Slap bang in the middle of the fight for his political life, Mr Peters is standing in Bark City Groomers.
The Stokes Valley store has a sideline in pets. There's a rabbit, a cage of cats and a box of rats.
"What kind of cats are they?" asks Mr Peters.
"Moggies," the shop assistant replies.
Mr Peters looks at the rats. He says he doesn't like rats, and makes to leave.
Mr Peters has foregone Tauranga, where he was due to have a rally, to campaign in the Rimutaka electorate where his colleague Ron Mark is an outside chance.
The day began in Upper Hutt where Mr Peters' visit coincides with that of fugitive Matthew George Kidman, who police fear is armed and driving a golf cart.
Mr Peters bumps into a police officer with a Bushmaster rifle in a shop doorway, and while his accompanying NZ First staffer flinches, he did not.
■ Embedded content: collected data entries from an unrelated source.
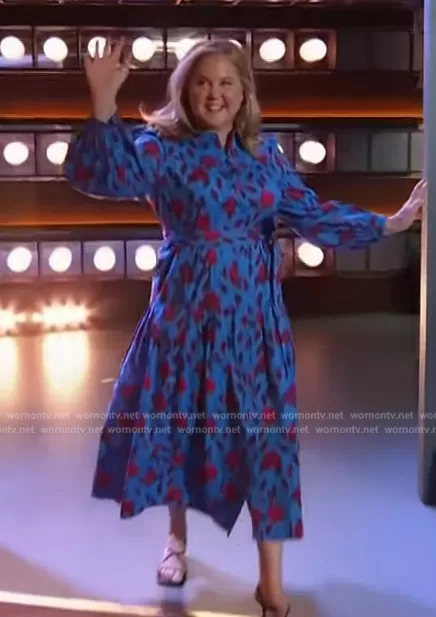 on The Kelly Clarkson Show on NBC was spotted wearing this blue floral print shirtdress on The Kelly Clarkson Show on Feb 20 2024's episode. 's Dress is the Lux Leaf Print Long Sleeve Midi Shirtdress by Diane von Furstenberg.
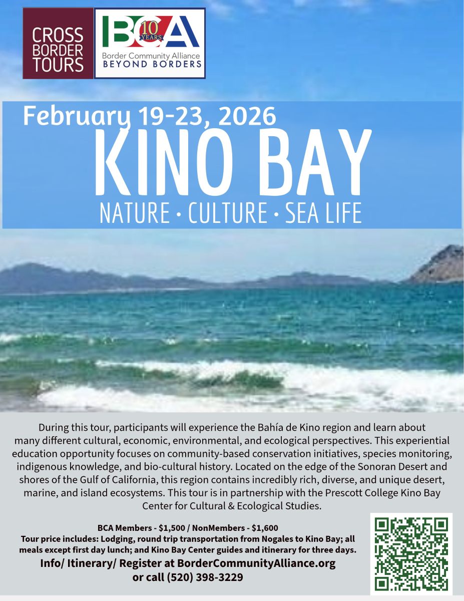 Cancellation Policy: If you cancel after the payment deadlines, we will not be able to refund your money unless there is a waiting list and your place on the trip can be filled by someone else. In this case, there is a $100 administration cancellation fee. WE STRONGLY RECOMMEND THAT YOU BUY TRAVEL INSURANCE IN CASE YOU NEED TO CANCEL THIS TRIP. BCA has the right to cancel the tour at any time based on safety concerns in the Kino area. If the trip is canceled, a full refund will be made.
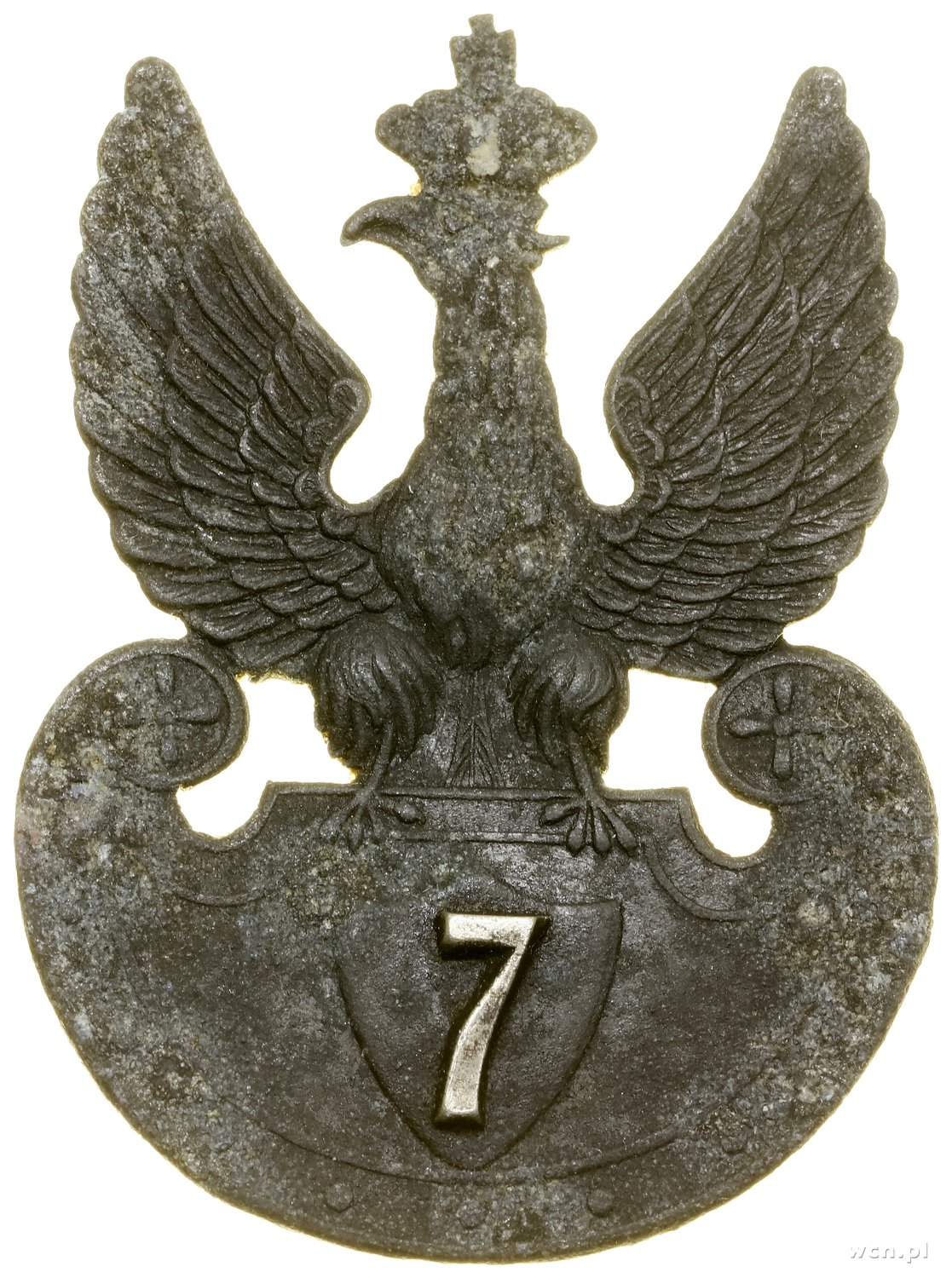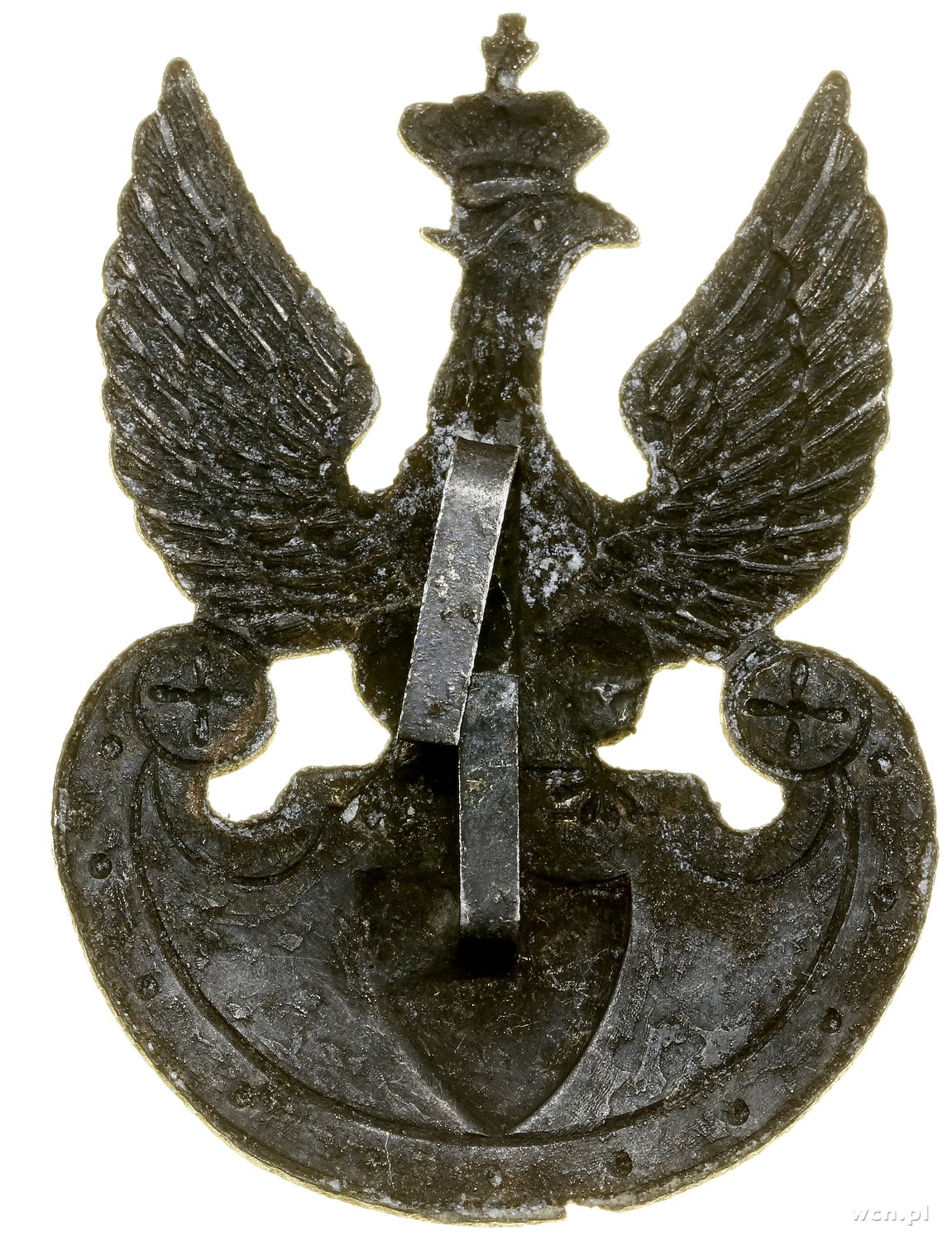 | 467 | POLSKA / I wojna światowa (1914–1918) Orzeł do czapki, 1916, Kraków; Ukoronowany orzeł z rozpostartymi skrzydłami, stojący na tarczy amazonek, w tarczy cyfra 7, bity z kontrą, mocowany na dwie blaszki; Za.. |

He and Mr Mark were due to meet some Rimutaka prison officers in a campaign stunt where they would promise not to privatise prison management as National has planned. But the officers do not show up at the Buttercup cafe as planned - something to do with the fugitive, apparently.
Mr Peters, hammered in this weeks' One News Colmar Brunton poll in Tauranga, strenuously denied he had given up on winning back the political lifeline.
"Of course I've not given up on Tauranga. I can read a weather forecast and its forecast to rain up there and that's why I'm down here where its fine. We thought we could do more here today than in a wet Tauranga. It is raining: you can't have a rally outside."
A check of the Herald's Tauranga forecast shows "long fine periods, but a few showers also.
Mr Mark would be the ultimate back door to Parliament if NZ First does not get over the 5 per cent threshold.
The Labour MP Paul Swain has retired, and the novice Chris Hipkins is in his place. But Mr Peters has been here just once earlier in the campaign, compared to the two or three days a week he's been spending in Tauranga.
The suspended Minister of Foreign Affairs does some obligatory mall-walking. He chats about the amount of charge in a man's mobility scooter, gets a kiss on the cheek from a woman for the Goldcard.
He orders fish and chips for lunch. Well, two pieces of fish actually - no chips. Too many carbohydrates, says Mr Peters.
They are wrapped in newspaper, and Mr Peters stands on the street in Taita. Where to eat? What about that park bench?
"Not my style," is Mr Peters' answer.